According to the 2021 State of Mobile Finance App Security Report, both iOS and Android rank in the top ten most vulnerable operating systems for total number of distinct vulnerabilities.

“In our testing, Android apps had far more issues than iOS apps. On a per app basis, nearly every Android finance app (97.5%) had more than five security flaws compared to around 30% of iOS apps. When looking at severity level, however, the gap narrows. Approximately 84% of Android finance apps contained at least one critical or high severity vulnerability versus 70% of iOS apps,” Intertrust wrote.

Government regulations, users

Prateek maintains that government regulations can play an important role in making apps more secure. “They’re not enough but are a good starting point.”

The company’s analysis showed that UK finance apps contained far fewer security issues than apps from other regions—only 7% had more than 10 vulnerabilities compared to 38% of apps in India and Southeast Asia, 29% of apps from the EU, and 19% of U.S. finance apps.

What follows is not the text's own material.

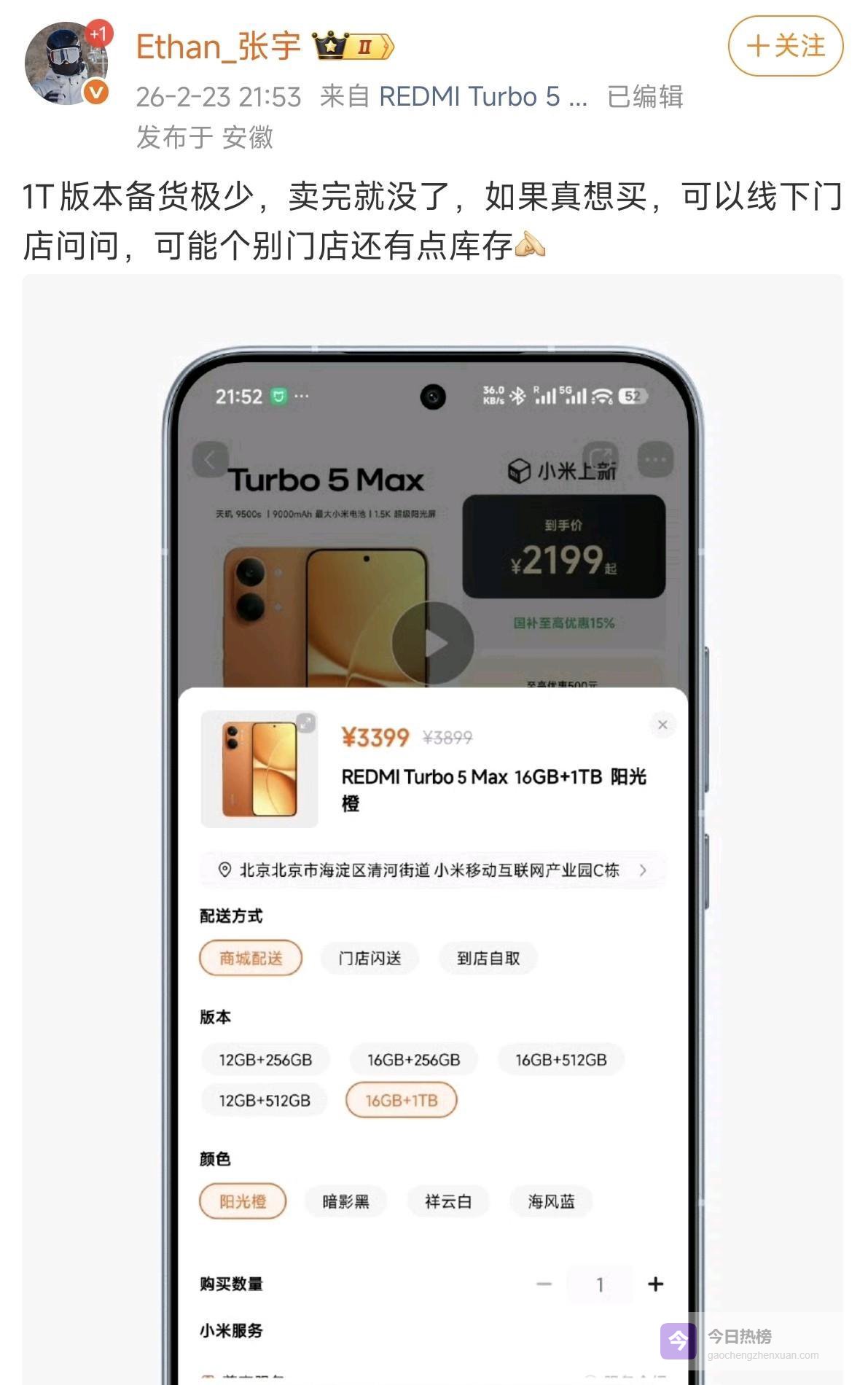 2026年2月24日,小米Redmi手机的市场经理张宇昨晚在社交平台上发了一条消息,专门回应了关于Redmi Turbo 5 Max 16GB+1TB版本的问题。他说:“1TB版本的货非常少,卖完就没了。如果真的想买,可以去线下门店问问,可能有些地方还剩几台。”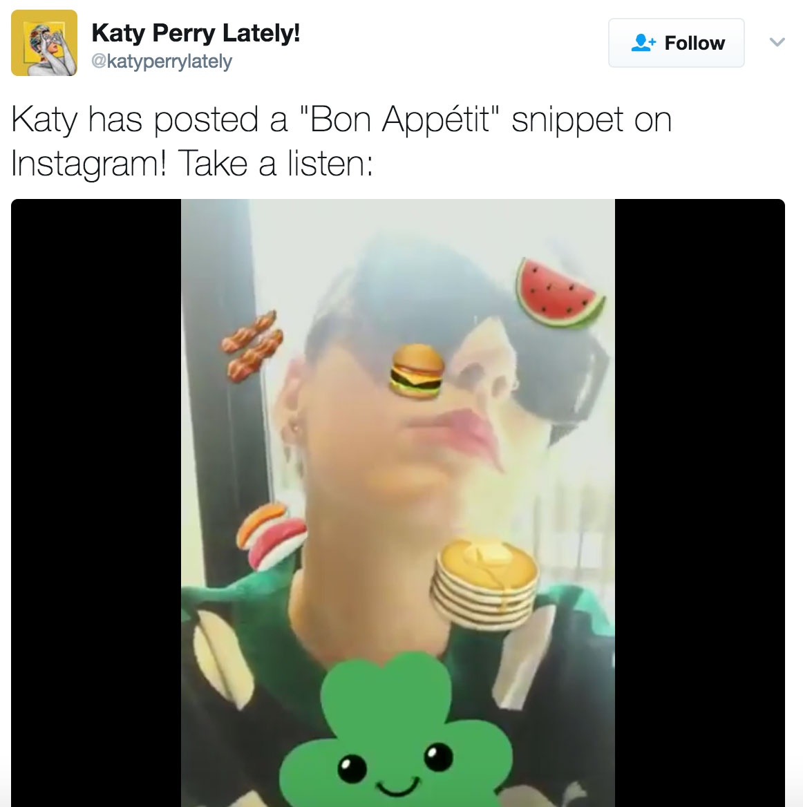 While “Chained to the Rhythm” has racked up over 100 million streams on Spotify, Katy Perry has been busy teasing fans with new music. Yesterday (Mar. 17), the pop star played a snippet of a song titled “Bon Appétit” on her Instagram story.

The head of product marketing and growth at Intertrust attributes that partially to strict financial services security and data privacy regulations in the country, which pushes app developers and organizations to take app defense more seriously.

Prateek added that users are an indispensable part of the equation and should help protect their privacy by taking measures as simple as downloading applications only from official app stores, refusing to send sensitive information through text message or similar channels, and reporting suspicious activities.

“I also believe we, as members of society, should be more proactive about what’s happening and demand more privacy and security from our banks and other service providers. If consumers are more vocal about this issue, businesses will feel pressured to take it more seriously,” he said.

Disclaimer: This article mentions a client of an Espacio portfolio company.